**What you will do:**
Please give an exact transcription of the lines below, from the one that contains "Rohre und Formstücke" to the very last, with no other lines.
◇ ◇ ◇ ◇ ◇
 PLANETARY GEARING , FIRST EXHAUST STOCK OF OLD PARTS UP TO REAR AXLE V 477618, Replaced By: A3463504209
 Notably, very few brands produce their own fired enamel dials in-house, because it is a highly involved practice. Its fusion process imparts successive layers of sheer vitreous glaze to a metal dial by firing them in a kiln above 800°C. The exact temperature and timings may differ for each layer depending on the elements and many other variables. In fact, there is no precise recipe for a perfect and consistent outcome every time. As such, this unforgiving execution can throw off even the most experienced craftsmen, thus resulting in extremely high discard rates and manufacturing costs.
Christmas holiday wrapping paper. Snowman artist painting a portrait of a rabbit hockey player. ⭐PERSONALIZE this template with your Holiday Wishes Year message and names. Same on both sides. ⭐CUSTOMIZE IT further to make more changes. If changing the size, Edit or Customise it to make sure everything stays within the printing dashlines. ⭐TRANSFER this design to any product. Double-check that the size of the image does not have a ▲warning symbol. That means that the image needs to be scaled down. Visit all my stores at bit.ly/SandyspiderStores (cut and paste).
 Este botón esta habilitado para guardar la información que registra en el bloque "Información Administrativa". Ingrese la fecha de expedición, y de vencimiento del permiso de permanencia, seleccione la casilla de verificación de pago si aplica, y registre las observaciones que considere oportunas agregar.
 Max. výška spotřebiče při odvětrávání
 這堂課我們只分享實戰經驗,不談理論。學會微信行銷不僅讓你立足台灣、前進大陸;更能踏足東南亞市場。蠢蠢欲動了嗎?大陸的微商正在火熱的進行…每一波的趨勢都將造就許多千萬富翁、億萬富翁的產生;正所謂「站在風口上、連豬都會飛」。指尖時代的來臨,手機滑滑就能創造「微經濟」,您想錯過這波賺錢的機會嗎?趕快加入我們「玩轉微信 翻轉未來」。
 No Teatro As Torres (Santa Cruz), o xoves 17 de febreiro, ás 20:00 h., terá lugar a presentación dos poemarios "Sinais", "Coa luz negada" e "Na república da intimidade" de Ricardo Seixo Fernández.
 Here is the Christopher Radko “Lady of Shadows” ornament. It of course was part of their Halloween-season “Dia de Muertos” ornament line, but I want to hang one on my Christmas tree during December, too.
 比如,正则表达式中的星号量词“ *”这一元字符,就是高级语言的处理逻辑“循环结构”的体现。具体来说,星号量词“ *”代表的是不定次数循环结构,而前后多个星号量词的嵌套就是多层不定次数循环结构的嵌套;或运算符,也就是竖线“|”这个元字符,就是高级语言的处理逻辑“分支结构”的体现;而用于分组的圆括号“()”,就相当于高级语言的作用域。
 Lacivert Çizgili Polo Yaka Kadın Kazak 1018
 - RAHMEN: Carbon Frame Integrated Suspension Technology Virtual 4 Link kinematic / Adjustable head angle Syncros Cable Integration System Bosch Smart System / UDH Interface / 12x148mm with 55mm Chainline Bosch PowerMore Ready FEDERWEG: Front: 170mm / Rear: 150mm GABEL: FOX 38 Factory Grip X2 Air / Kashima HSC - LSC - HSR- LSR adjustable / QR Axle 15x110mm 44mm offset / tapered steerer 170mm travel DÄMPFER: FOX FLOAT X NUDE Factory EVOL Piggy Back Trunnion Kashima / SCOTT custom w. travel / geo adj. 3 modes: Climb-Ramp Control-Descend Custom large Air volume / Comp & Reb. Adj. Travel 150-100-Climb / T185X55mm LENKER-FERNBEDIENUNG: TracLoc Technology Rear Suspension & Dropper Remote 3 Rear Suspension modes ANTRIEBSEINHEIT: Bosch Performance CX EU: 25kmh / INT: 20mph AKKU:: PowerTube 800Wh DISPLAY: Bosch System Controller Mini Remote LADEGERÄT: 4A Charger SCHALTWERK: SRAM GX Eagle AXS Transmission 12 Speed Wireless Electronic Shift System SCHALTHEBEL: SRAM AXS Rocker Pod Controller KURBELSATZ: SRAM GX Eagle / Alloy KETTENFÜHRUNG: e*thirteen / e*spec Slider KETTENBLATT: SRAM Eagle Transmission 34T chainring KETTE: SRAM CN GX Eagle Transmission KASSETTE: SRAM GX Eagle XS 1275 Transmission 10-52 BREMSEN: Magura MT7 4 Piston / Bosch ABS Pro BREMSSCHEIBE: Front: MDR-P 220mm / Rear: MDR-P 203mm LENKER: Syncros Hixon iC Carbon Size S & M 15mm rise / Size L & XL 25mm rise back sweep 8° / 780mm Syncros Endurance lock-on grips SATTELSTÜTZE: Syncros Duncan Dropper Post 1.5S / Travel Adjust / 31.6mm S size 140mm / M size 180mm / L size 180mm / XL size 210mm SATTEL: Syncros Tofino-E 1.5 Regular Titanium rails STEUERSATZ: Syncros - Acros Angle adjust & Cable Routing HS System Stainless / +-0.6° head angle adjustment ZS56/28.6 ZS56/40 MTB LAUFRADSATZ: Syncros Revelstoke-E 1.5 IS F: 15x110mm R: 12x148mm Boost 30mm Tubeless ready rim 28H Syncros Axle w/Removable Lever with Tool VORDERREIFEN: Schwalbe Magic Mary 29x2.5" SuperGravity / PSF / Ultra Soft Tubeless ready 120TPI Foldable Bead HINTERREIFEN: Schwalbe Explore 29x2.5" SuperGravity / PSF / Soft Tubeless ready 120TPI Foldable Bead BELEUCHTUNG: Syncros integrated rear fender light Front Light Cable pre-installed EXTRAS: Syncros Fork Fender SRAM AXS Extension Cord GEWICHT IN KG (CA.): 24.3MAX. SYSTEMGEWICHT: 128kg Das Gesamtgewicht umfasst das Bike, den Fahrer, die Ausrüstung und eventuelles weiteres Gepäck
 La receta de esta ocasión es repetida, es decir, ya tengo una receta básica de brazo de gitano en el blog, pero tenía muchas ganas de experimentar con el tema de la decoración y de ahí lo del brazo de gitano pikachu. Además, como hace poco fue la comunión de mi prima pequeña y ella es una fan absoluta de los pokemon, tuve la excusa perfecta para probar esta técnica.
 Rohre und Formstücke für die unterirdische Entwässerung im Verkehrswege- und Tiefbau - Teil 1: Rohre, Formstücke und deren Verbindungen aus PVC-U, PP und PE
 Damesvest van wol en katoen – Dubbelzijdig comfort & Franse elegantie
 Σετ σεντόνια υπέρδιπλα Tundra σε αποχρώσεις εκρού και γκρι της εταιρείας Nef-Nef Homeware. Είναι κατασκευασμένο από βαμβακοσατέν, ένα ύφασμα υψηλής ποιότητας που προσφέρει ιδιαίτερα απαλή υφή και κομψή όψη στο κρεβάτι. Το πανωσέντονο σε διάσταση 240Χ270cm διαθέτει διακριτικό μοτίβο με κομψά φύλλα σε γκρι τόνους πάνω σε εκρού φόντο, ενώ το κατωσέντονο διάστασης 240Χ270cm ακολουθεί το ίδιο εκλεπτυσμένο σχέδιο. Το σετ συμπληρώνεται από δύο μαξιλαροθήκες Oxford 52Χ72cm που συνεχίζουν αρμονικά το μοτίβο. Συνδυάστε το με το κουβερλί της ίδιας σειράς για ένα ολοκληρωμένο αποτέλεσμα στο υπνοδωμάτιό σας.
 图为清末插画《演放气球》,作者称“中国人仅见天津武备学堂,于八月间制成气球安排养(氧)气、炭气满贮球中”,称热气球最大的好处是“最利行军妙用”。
◇ ◇ ◇ ◇ ◇
**Reply:**
 Rohre und Formstücke für die unterirdische Entwässerung im Verkehrswege- und Tiefbau - Teil 1: Rohre, Formstücke und deren Verbindungen aus PVC-U, PP und PE
 Damesvest van wol en katoen – Dubbelzijdig comfort & Franse elegantie
 Σετ σεντόνια υπέρδιπλα Tundra σε αποχρώσεις εκρού και γκρι της εταιρείας Nef-Nef Homeware. Είναι κατασκευασμένο από βαμβακοσατέν, ένα ύφασμα υψηλής ποιότητας που προσφέρει ιδιαίτερα απαλή υφή και κομψή όψη στο κρεβάτι. Το πανωσέντονο σε διάσταση 240Χ270cm διαθέτει διακριτικό μοτίβο με κομψά φύλλα σε γκρι τόνους πάνω σε εκρού φόντο, ενώ το κατωσέντονο διάστασης 240Χ270cm ακολουθεί το ίδιο εκλεπτυσμένο σχέδιο. Το σετ συμπληρώνεται από δύο μαξιλαροθήκες Oxford 52Χ72cm που συνεχίζουν αρμονικά το μοτίβο. Συνδυάστε το με το κουβερλί της ίδιας σειράς για ένα ολοκληρωμένο αποτέλεσμα στο υπνοδωμάτιό σας.
 图为清末插画《演放气球》,作者称“中国人仅见天津武备学堂,于八月间制成气球安排养(氧)气、炭气满贮球中”,称热气球最大的好处是“最利行军妙用”。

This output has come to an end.